We decided to keep going, and moved on to location #3.  By the time we left it was close to 4am, so we decided to forgo an expensive cab ride home and just wait until the subways started running again at 5:30am.  I know, the thought process sounds utterly ridiculous now, but it really made sense at the time.  We walked over to a restaurant called Ooyeaooyea, where we ordered a pitcher of Cass (one of the local brews), and some food for the boys.  At this point we hadn’t eaten since 10pm the night before, so it was kind of like having a very early breakfast.  Dave dubbed this meal “Brinner” – a combination of breakfast and dinner.  The restaurant was so busy it was unbelievable – people were ordering bottle after bottle of soju like their night had just begun.  We hung around and chatted until about 5:20am, then decided to trek back up to the subway station for the ride home. 

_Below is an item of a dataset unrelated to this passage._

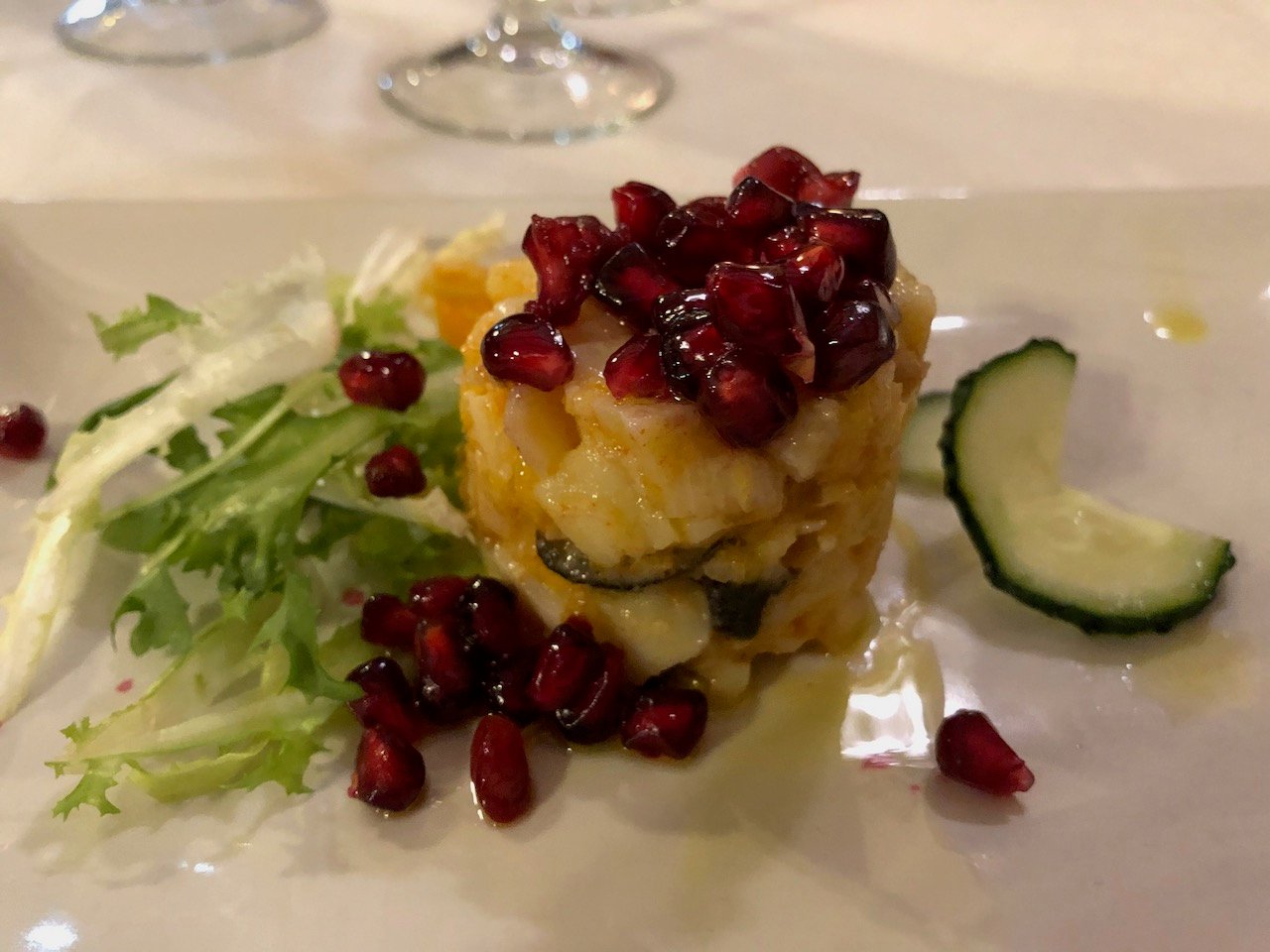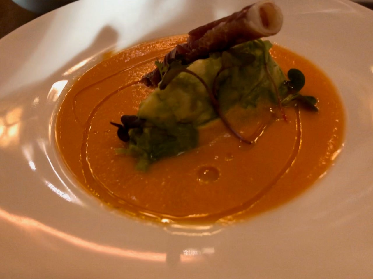 Our first restaurant stop on the Taste of Granada Tour was going to be hard to beat! Alameda has been recommended by the Michelin guide for 4 consecutive years. The chef at Alameda takes the freshest seasonal ingredients produced locally to create traditional regional dishes, with a contemporary twist. Our first dish of Salmorejo was paired with a chilled glass of Albariño white wine from Pazo Señorans.
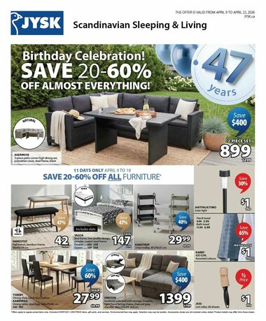 This page provides you with the latest weekly flyer for JYSK. Offers start Thursday 01/01 and expire Tuesday 06/30/2026. You can browse through 85 pages. You are on page number 50. You have 83 days left before deals expire. Future deals will be available here on Wednesday 07/01/2026. JYSK is preparing special offers to celebrate national holidays such as Easter Monday, Easter Sunday and Family Day. You will find the offers here. Additional information can be found at www.jysk.ca or by dialing 1-888-696-5975.

One of the funniest moments of the night happened on the subway ride home.  It’s very common to see people fully asleep or somewhere halfway between awake and asleep on the subways in Seoul.  When we got on the subway at 5:30am about half the people were asleep throughout our car.  Nothing unusual there.  But then, just before our stop, one guy sitting across from us stirred a little in his sleep, then did a full face plant into the floor in front of him.  The craziest thing is that he didn’t even wake up – in fact, he stretched out on the floor and continued sleeping!  The people who were awake were all laughing and pointing, but still no signs of wakefulness from the guy on the floor.  An old guy walked over to him and smacked him HARD on the back, and it took four blows before the guy regained some form of consciousness.  At the next stop he wandered off….and everyone on the subway was still laughing.  By far one of the strangest things I’ve seen so far in Korea.

By the time we got off the subway it was almost 6:30am, and it was light out – we had just spent the last 10 hours with Sean!  We walked home in a bit of a daze, and I collapsed in bed just before 7:00am.  Dave wasn’t tired, so he decided to stay up for a bit, but I was beyond exhausted.  I think I’ve pulled an all-nighter maybe once or twice in my life, and that was to study for an exam, not to bar-hop.  This was a totally new experience for me, and it was pretty amazing.  I had a great time, but I don’t plan on doing it again any time soon!


1 Comment

  1. Cai said,

    Way 2 go u guys!! Very interesting stuff, particularly like the references to explain things. The Soju sounds wicked, so much protocol involved in the pouring etc! Ridiculously cheap too, one would have to be careful!! Never leave home without your camera! I’m very interested in your cuisine experiences too, the food looks so good!
    Hope you’ve recovered from the all-nighter!! Cheers!